Hoje, com o fácil acesso à informação, temos ainda mais responsabilidade de ensinar corretamente a Palavra de Deus. Como ministros, líderes e obreiros, somos chamados a zelar pela verdade do Evangelho, e não apenas alimentar o emocional com pregações empolgantes ou atos proféticos desprovidos de fundamentação bíblica.
OS APÓSTOLOS ERAM FIÉIS ÀS ESCRITURAS
Os apóstolos não pregavam o que "sentiam", nem acrescentavam à mensagem pensamentos próprios. Eles se apoiavam nas Escrituras e na doutrina de Cristo. É nosso dever seguir o mesmo exemplo, evitando adaptar o Evangelho aos nossos gostos ou tradições.
“Se alguém vos anunciar outro evangelho além do que já recebestes, seja anátema.” (Gálatas 1:9)
Infelizmente, o que se vê hoje é o acréscimo de pensamentos humanos ao Evangelho — ideias que, muitas vezes, ferem a graça de Deus e confundem o povo. Por isso, precisamos estudar, pesquisar, examinar e ensinar com responsabilidade.

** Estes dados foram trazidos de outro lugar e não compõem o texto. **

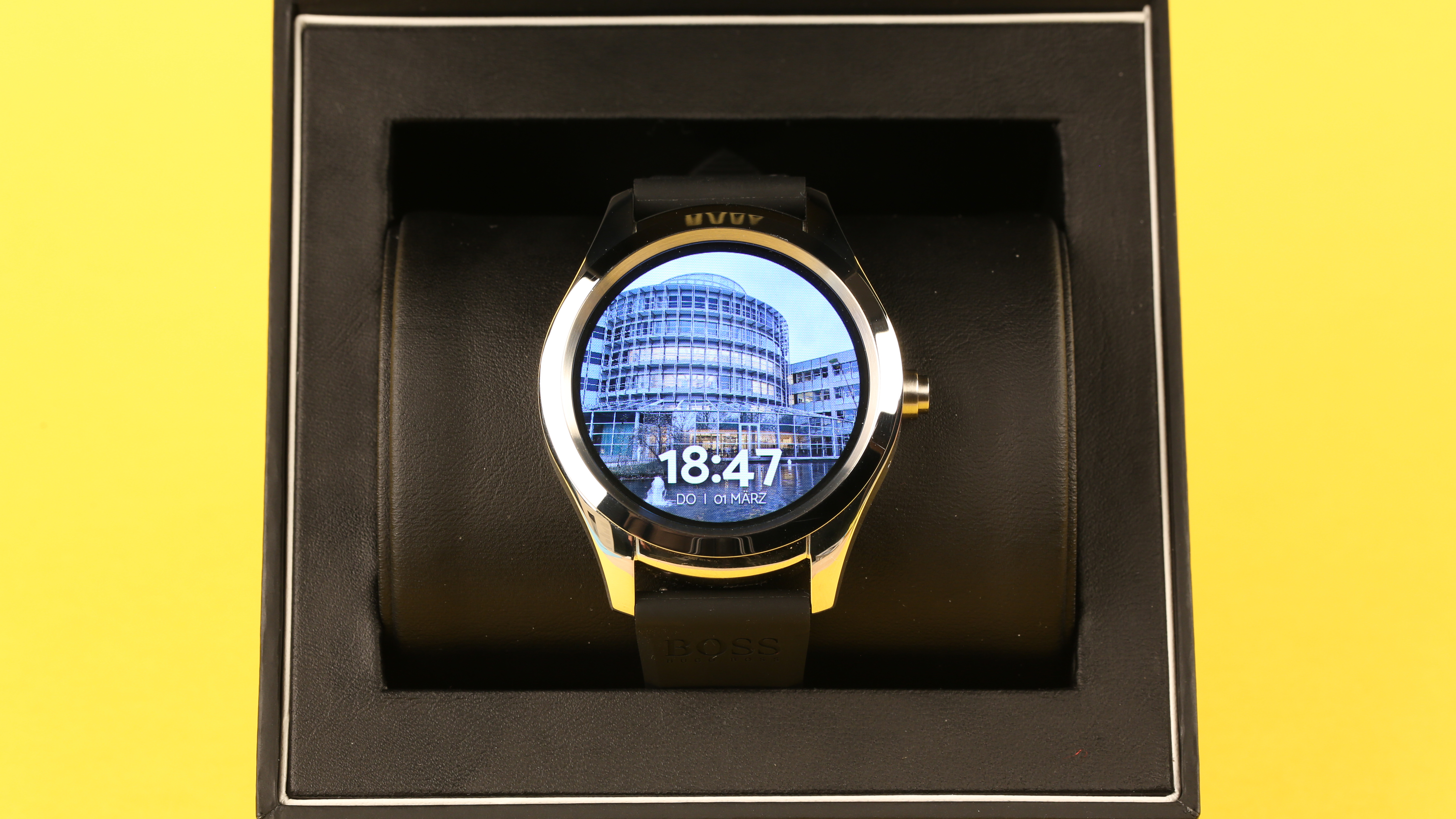 Im Vergleich zur filigranen Apple-Watch wirkt die Hugo-Boss-Uhr sehr massiv. Trägern von schweren Mode-Uhren wird das gut gefallen. Die Touch trägt sich, trotz des hohen Gewichts, sehr angenehm. Die vorinstallierten Ziffernblätter sind alle sehr schlicht gestaltet. Wer es auffälliger mag, kann jederzeit andere Skins hinzufügen und diese nach seinen persönlichen Wünschen individualisieren.

A TEOLOGIA NÃO ESFRIA O CRENTE, ELA ILUMINA
Em muitas igrejas pentecostais, ainda há a ideia de que estudar teologia "esfria" a fé. Alguns repetem o versículo “a letra mata, mas o Espírito vivifica” (2 Coríntios 3:6) como justificativa para rejeitar o estudo profundo da Bíblia. Porém, Paulo ali se referia à letra da Lei mosaica, não ao estudo da Palavra ou da teologia.
O próprio apóstolo Paulo foi um teólogo e mestre das Escrituras, e incentivou seu discípulo Timóteo a ler, ensinar e se dedicar ao estudo (1 Timóteo 4:13). O estudo não mata — o que mata é ensinar sem saber o que se está falando.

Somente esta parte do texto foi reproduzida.